**Instructions for the task**
Beginning with the first line, retype exactly the records below up to and including the line with "Mieszany zestaw długich"; pictures do not belong in the copy.

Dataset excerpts

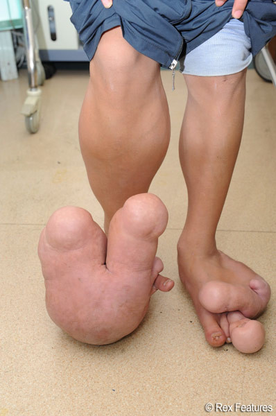 Xiao Meng, un baiat din China, sufera de o afectiune extrem de rara, din cauza careia picioarele lui s-au umflat si au ajuns la dimensiunile unor pepeni. Boala a inceput sa se manifeste inca de la varsta de un an, cand degete si labele picioarelor au inceput sa ia proportii.
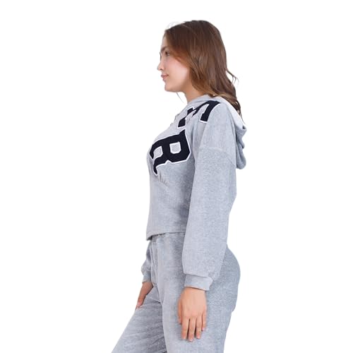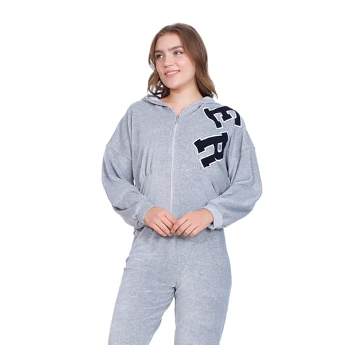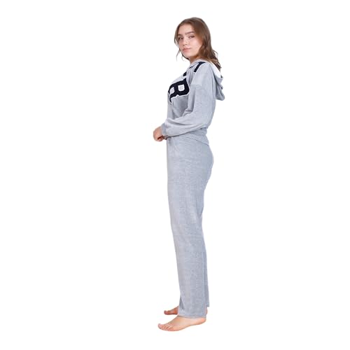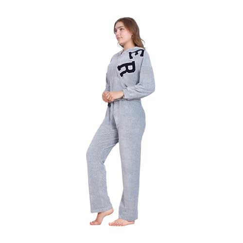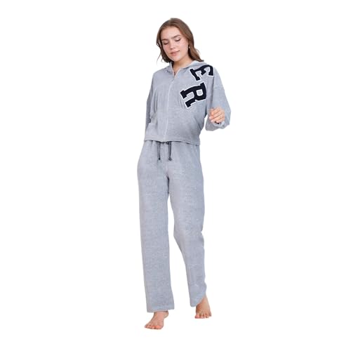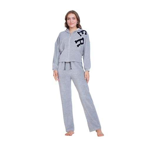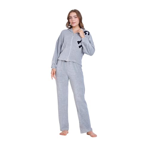 ZECOTEX - بيجامة شتوية من القطن القطيفة للنساء، جاكيت بسوستة + غطاء رأس بتطريز أمامي، طقم بيجامة قطن قطيفة، ملابس منزلية مريحة من زيكوتكس، رمادي
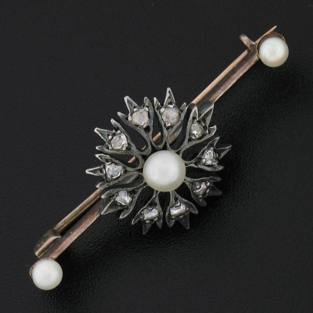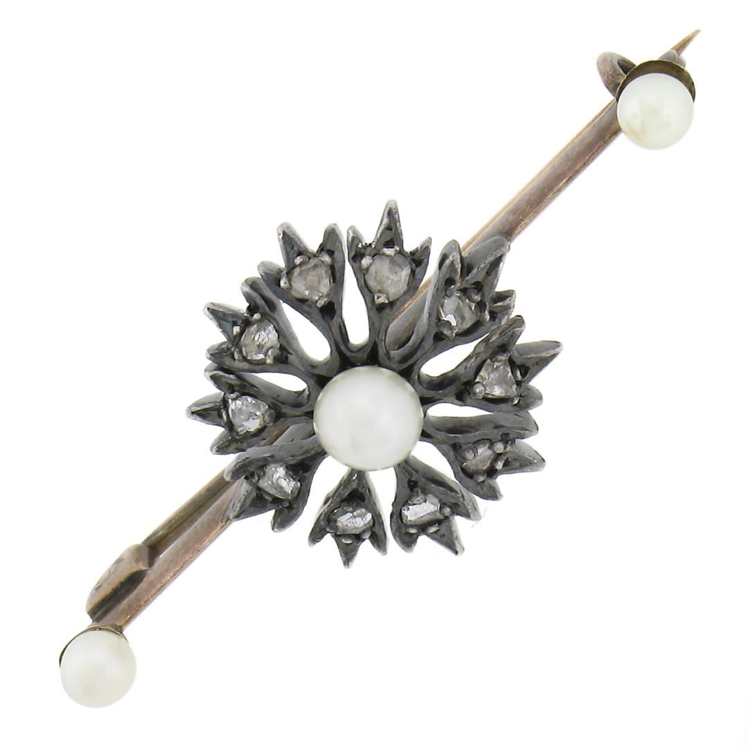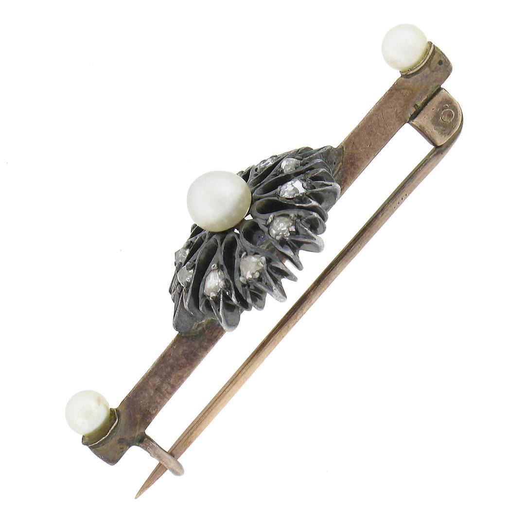 Antique Victorian Gold & Silver 0.30ctw Diamond & Pearl Floral Bar Pin Brooch
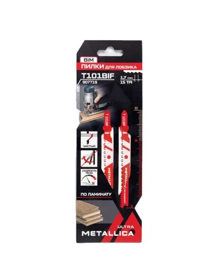 Пилки для лобзика Metallica Ultra 907719, T101BIF, 82/56мм, шаг 1,7мм, BiM, чистый рез, по ламинату, 2шт. предназначены для аккуратного пиления ламината, ЛДСП, мягкой и твердой древесины, фанеры, OSB не хрупких пластиков.
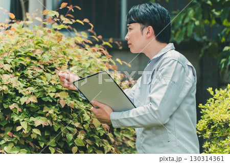 枯死的龍舌蘭花莖和園丁的鋁製三腳架
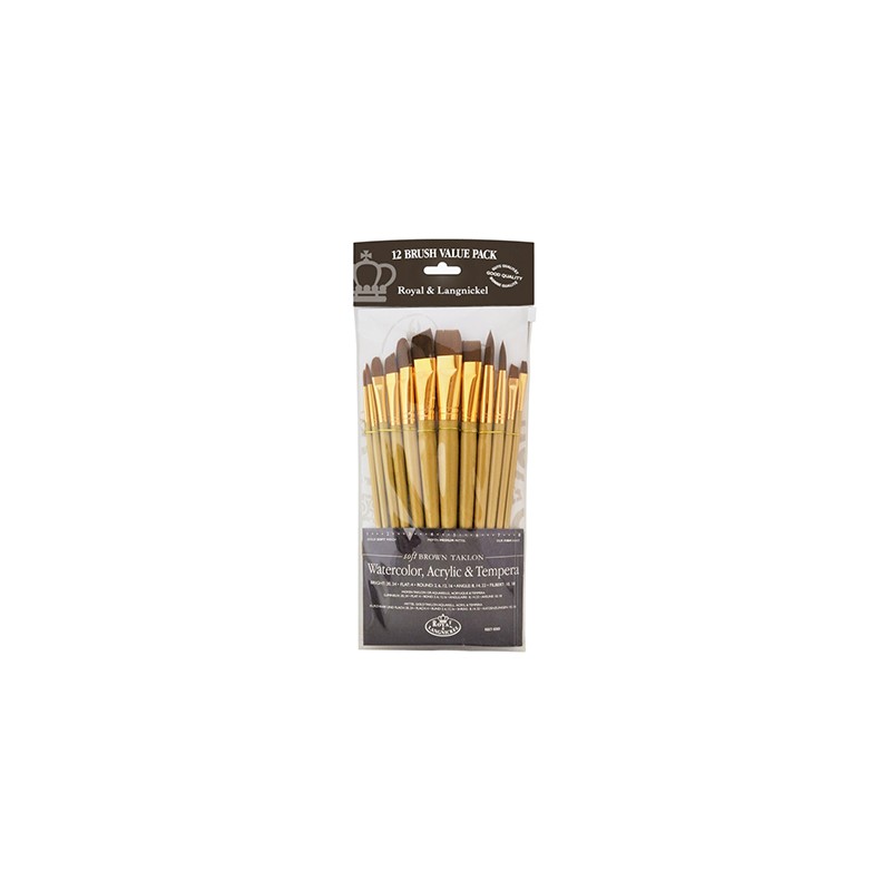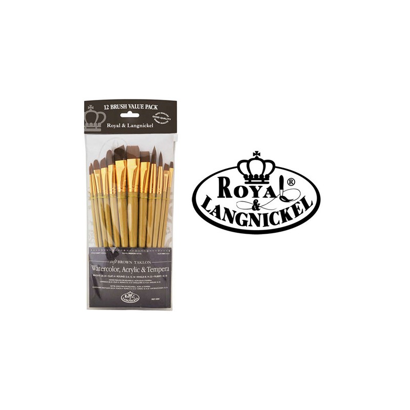 Mieszany zestaw długich (23-25cm), syntetycznych pędzli z miękkiego włosia w kolorze brązowym. Drewniana rączka, metalowa skuwka. Produkt firmy Royal & Langnickel. Komplet 12-stu różnorodnych pędzli przeznaczonych do farb akrylowych i temper. Foliowe opakowanie zawiera:
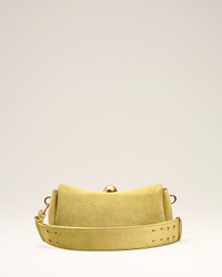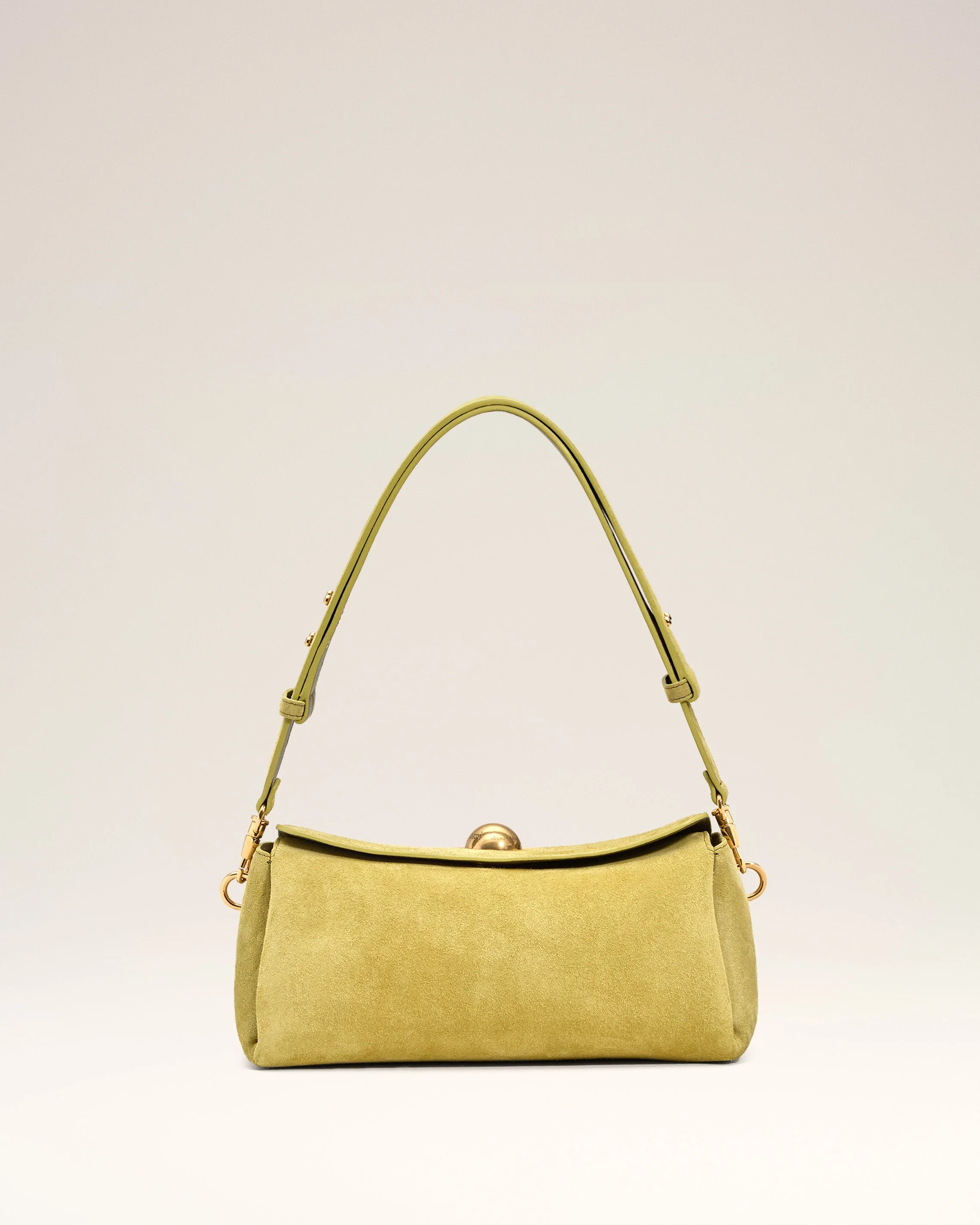 Carrousel bag in suede leather and smooth leather. Unisex product Cow leather Adjustable and removable leather strap, crossbody or shoulder carry Magnetic flap closure Metal hardware in vibrated brass color One main compartment with an inside patched pocket Suede leather lining Half sphere in metal with engraved "ami alexandre mattiussi" logo Size: 26 x 12 x 10.5 cm Made in Spain (with love) REF: ULL027.AL0136.399 SIZE & FIT Size: 26 x 12 x 10.5 cm COMPOSITION & CARE GUIDE Main Material : 100% Cow Leather Main Lining : 100% Calfskin Our leathergoods are made from delicate materials. To keep the original aspect of the leather as long as possible, please avoid contact with abrasive and oily substances. Make sure not to expose them at the direct light for too long and to wipe them with a soft and dry cloth when wet. To avoid deformations, insure to not overload them. Keep them in their dust bag and safe from humidity.

**Response**
 Xiao Meng, un baiat din China, sufera de o afectiune extrem de rara, din cauza careia picioarele lui s-au umflat si au ajuns la dimensiunile unor pepeni. Boala a inceput sa se manifeste inca de la varsta de un an, cand degete si labele picioarelor au inceput sa ia proportii.
 ZECOTEX - بيجامة شتوية من القطن القطيفة للنساء، جاكيت بسوستة + غطاء رأس بتطريز أمامي، طقم بيجامة قطن قطيفة، ملابس منزلية مريحة من زيكوتكس، رمادي
 Antique Victorian Gold & Silver 0.30ctw Diamond & Pearl Floral Bar Pin Brooch
 Пилки для лобзика Metallica Ultra 907719, T101BIF, 82/56мм, шаг 1,7мм, BiM, чистый рез, по ламинату, 2шт. предназначены для аккуратного пиления ламината, ЛДСП, мягкой и твердой древесины, фанеры, OSB не хрупких пластиков.
 枯死的龍舌蘭花莖和園丁的鋁製三腳架
 Mieszany zestaw długich (23-25cm), syntetycznych pędzli z miękkiego włosia w kolorze brązowym. Drewniana rączka, metalowa skuwka. Produkt firmy Royal & Langnickel. Komplet 12-stu różnorodnych pędzli przeznaczonych do farb akrylowych i temper. Foliowe opakowanie zawiera:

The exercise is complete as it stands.